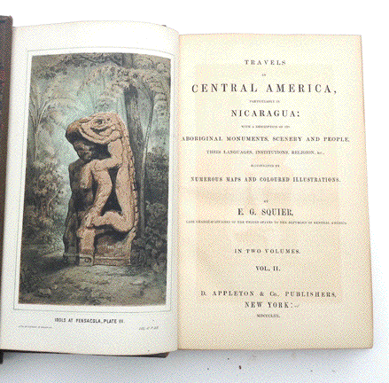 "Travels in Central America, Particularly in Nicaragua: With a Description of Its Aboriginal Monuments, Scenery and People, Their Languages, Institutions, Religion, & c., illustrated by numerous maps and coloured illustrations, by E. G. Squier, Late Charge-D'Affaires of the United States to the Republics of Central America" Volumes I and II. Published by
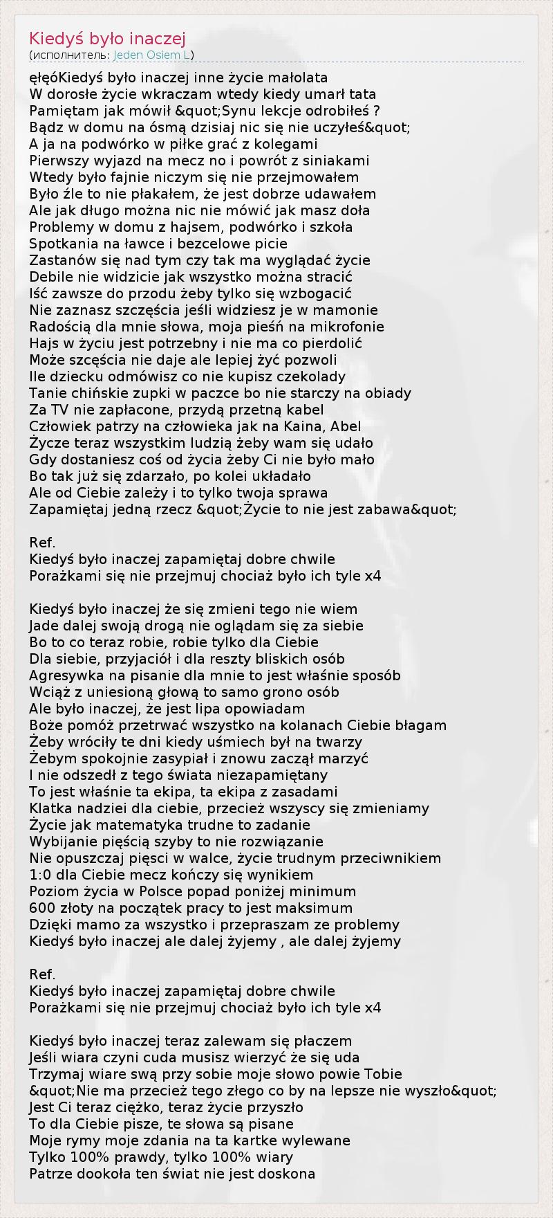 А как ты думаешь, о чем песня "Kiedyś było inaczej" ?
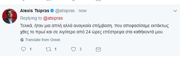 «Τελικά, ήταν μια απλή αλλά αναγκαία επέμβαση, που αποφασίσαμε εκτάκτως χθες το πρωί και σε λιγότερο από 24 ώρες επέστρεψα στα καθήκοντά μου», αναφέρει χαρακτηριστικά.
━━━━━━━━━━━━━━━━
Work request: Retype exactly. Include each line from the start of the material through the line holding "А как ты думаешь, о", and leave the pictures out.

Task result:
 "Travels in Central America, Particularly in Nicaragua: With a Description of Its Aboriginal Monuments, Scenery and People, Their Languages, Institutions, Religion, & c., illustrated by numerous maps and coloured illustrations, by E. G. Squier, Late Charge-D'Affaires of the United States to the Republics of Central America" Volumes I and II. Published by
 А как ты думаешь, о чем песня "Kiedyś było inaczej" ?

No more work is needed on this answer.